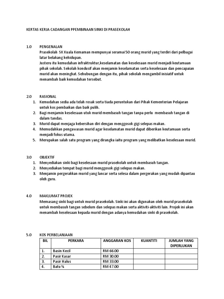 Kertas Kerja Cadangan Pembinaan Sinki Di Prasekolah Pdf
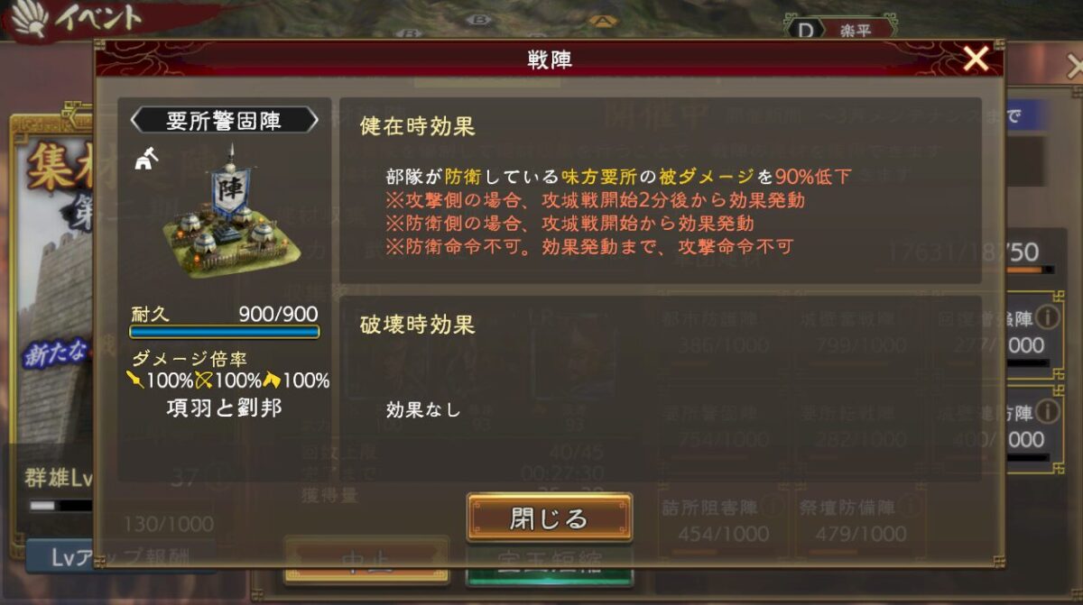 ですが「味方部隊が防衛していない要所」のダメージは軽減してくれません。味方部隊が壊滅させられたら軽減も消えるので、強いけど使いにくい感じにはなってしまいますわな。
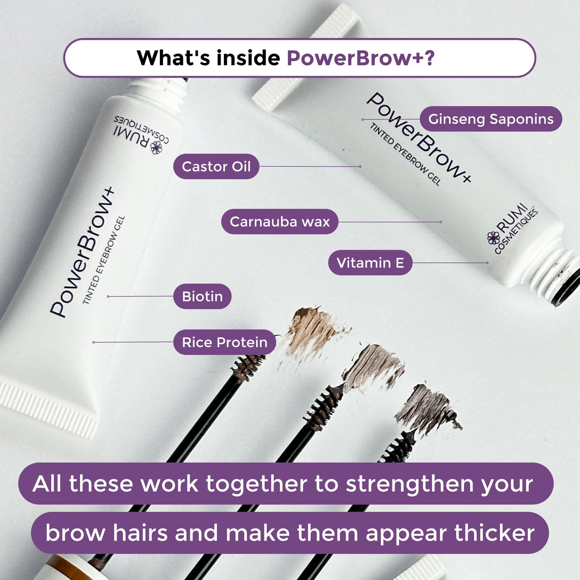Achieve defined, fuller brows with the Rumi Cosmetiques PowerBrow+ Tinted Eyebrow Gel. Specially formulated for mature skin, this eyebrow gel offers an effortless way to enhance your natural brows with a smooth, weightless finish. Whether you’re looking to fill sparse areas, add thickness, or define your arches, PowerBrow+ makes it easy to achieve a customized look. Its versatile 2-in-1 formula provides both color and texture, allowing you to sculpt and style your brows with precision. Designed to deliver long-lasting, natural color, PowerBrow+ keeps your brows looking beautifully defined throughout the day. The gel provides a lightweight yet durable hold that resists humidity, sweat, and rain, so you can confidently wear it from morning to night without worry. It’s great for those seeking a natural, polished brow look without the need for constant touch-ups. The PowerBrow+ Eyebrow Gel features a unique, precision applicator that glides smoothly over even the thinnest hairs, ensuring easy and even application every time. The gel is great for creating a fuller, more sculpted appearance without the heavy, unnatural feel of traditional brow gels. Its quick-drying formula ensures that your brows stay in place without the need for a lengthy drying time. Infused with nourishing ingredients like castor oil, this eyebrow gel helps strengthen and condition your brows with every use. PowerBrow+ promotes healthier-looking brows, encouraging growth and giving your eyebrows the care they need. It’s suitable for all skin types, including sensitive skin, offering a gentle, irritation-free experience. PowerBrow+ is vegan and cruelty-free, making it a great addition to your beauty routine. Available in three versatile shades: Light Latte, Medium Mocha, and Dark Espresso Brown. It’s easy to find the natural match for your hair color. Whether you’re looking to define, fill, or thicken your brows, PowerBrow+ is an excellent choice for a polished, natural look.
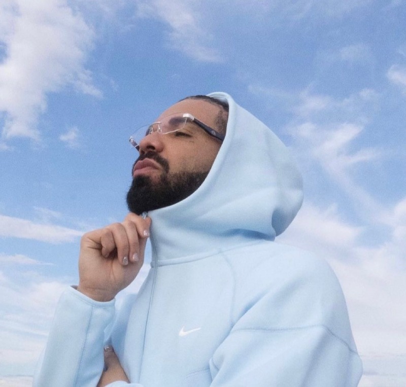 Drake con chándal de su línea Nike X Nocta. Foto vía @champagnepapi.
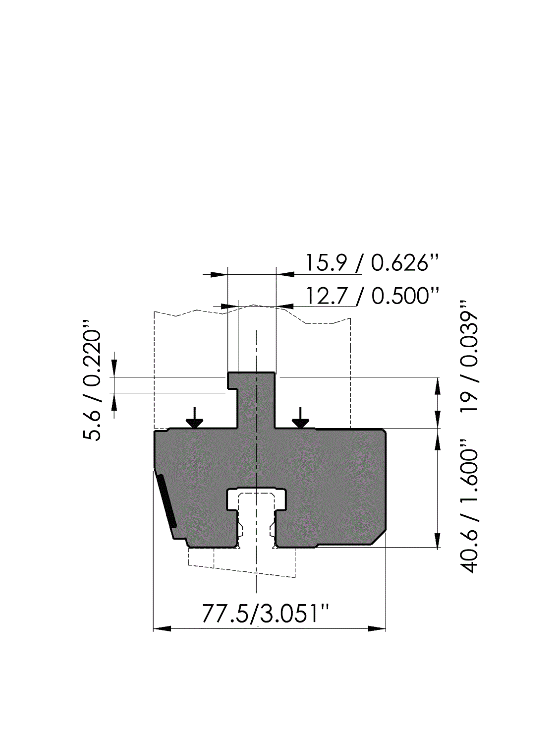 Working height=40.6mm, Width=77.5mm, provided with American Style adaptation, hydraulic clamping (max. 50bar), oil supply ø10mm, left end, Material=C45 not hardened, Weight=1850kg/m, Max. load=230ton/m.
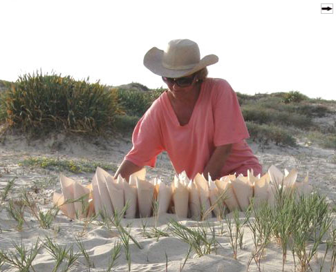 "Art in Nature" project - Between Sea and land - Newspaper pages, Paper Cones
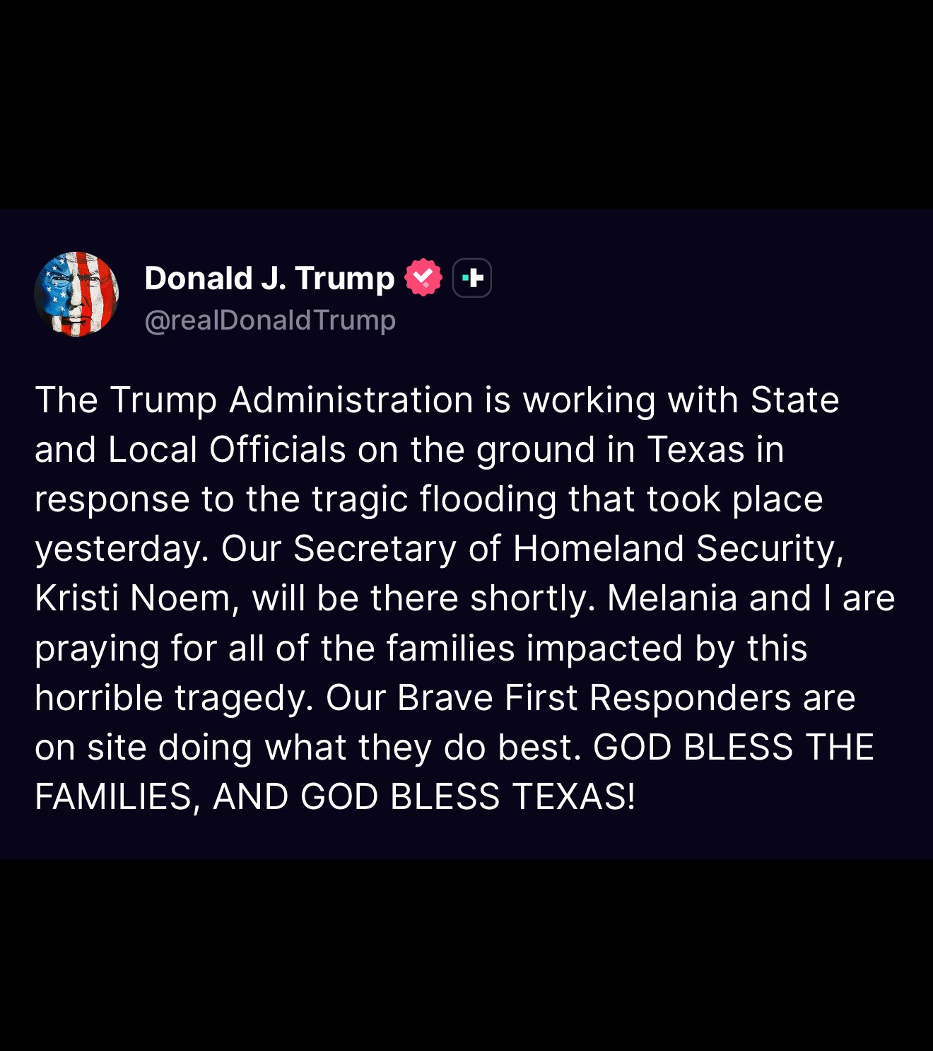 President Trump says Kristi Noem is PERSONALLY coming here to Texas Hill Country to help direct federal relief efforts amid flooding
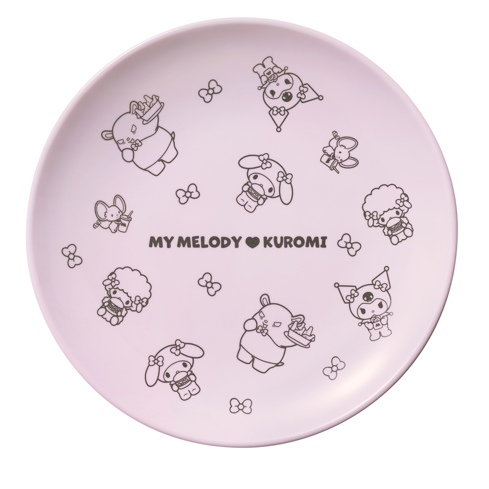 同商品はマイメロディ&クロミとコラボレーションしたフェイスポーチ付きエコバッグ、メラミンプレート、サテンポーチと、「お食事補助券※5,000円相当(500円×10枚綴り)」が入っています。

-=-=-

TASK TO CARRY OUT
When you return the records, keep every word unchanged and drop the pictures.

PROBLEM SOLUTION
 Kertas Kerja Cadangan Pembinaan Sinki Di Prasekolah Pdf
 ですが「味方部隊が防衛していない要所」のダメージは軽減してくれません。味方部隊が壊滅させられたら軽減も消えるので、強いけど使いにくい感じにはなってしまいますわな。
Achieve defined, fuller brows with the Rumi Cosmetiques PowerBrow+ Tinted Eyebrow Gel. Specially formulated for mature skin, this eyebrow gel offers an effortless way to enhance your natural brows with a smooth, weightless finish. Whether you’re looking to fill sparse areas, add thickness, or define your arches, PowerBrow+ makes it easy to achieve a customized look. Its versatile 2-in-1 formula provides both color and texture, allowing you to sculpt and style your brows with precision. Designed to deliver long-lasting, natural color, PowerBrow+ keeps your brows looking beautifully defined throughout the day. The gel provides a lightweight yet durable hold that resists humidity, sweat, and rain, so you can confidently wear it from morning to night without worry. It’s great for those seeking a natural, polished brow look without the need for constant touch-ups. The PowerBrow+ Eyebrow Gel features a unique, precision applicator that glides smoothly over even the thinnest hairs, ensuring easy and even application every time. The gel is great for creating a fuller, more sculpted appearance without the heavy, unnatural feel of traditional brow gels. Its quick-drying formula ensures that your brows stay in place without the need for a lengthy drying time. Infused with nourishing ingredients like castor oil, this eyebrow gel helps strengthen and condition your brows with every use. PowerBrow+ promotes healthier-looking brows, encouraging growth and giving your eyebrows the care they need. It’s suitable for all skin types, including sensitive skin, offering a gentle, irritation-free experience. PowerBrow+ is vegan and cruelty-free, making it a great addition to your beauty routine. Available in three versatile shades: Light Latte, Medium Mocha, and Dark Espresso Brown. It’s easy to find the natural match for your hair color. Whether you’re looking to define, fill, or thicken your brows, PowerBrow+ is an excellent choice for a polished, natural look.
 Drake con chándal de su línea Nike X Nocta. Foto vía @champagnepapi.
 Working height=40.6mm, Width=77.5mm, provided with American Style adaptation, hydraulic clamping (max. 50bar), oil supply ø10mm, left end, Material=C45 not hardened, Weight=1850kg/m, Max. load=230ton/m.
 "Art in Nature" project - Between Sea and land - Newspaper pages, Paper Cones
 President Trump says Kristi Noem is PERSONALLY coming here to Texas Hill Country to help direct federal relief efforts amid flooding
 同商品はマイメロディ&クロミとコラボレーションしたフェイスポーチ付きエコバッグ、メラミンプレート、サテンポーチと、「お食事補助券※5,000円相当(500円×10枚綴り)」が入っています。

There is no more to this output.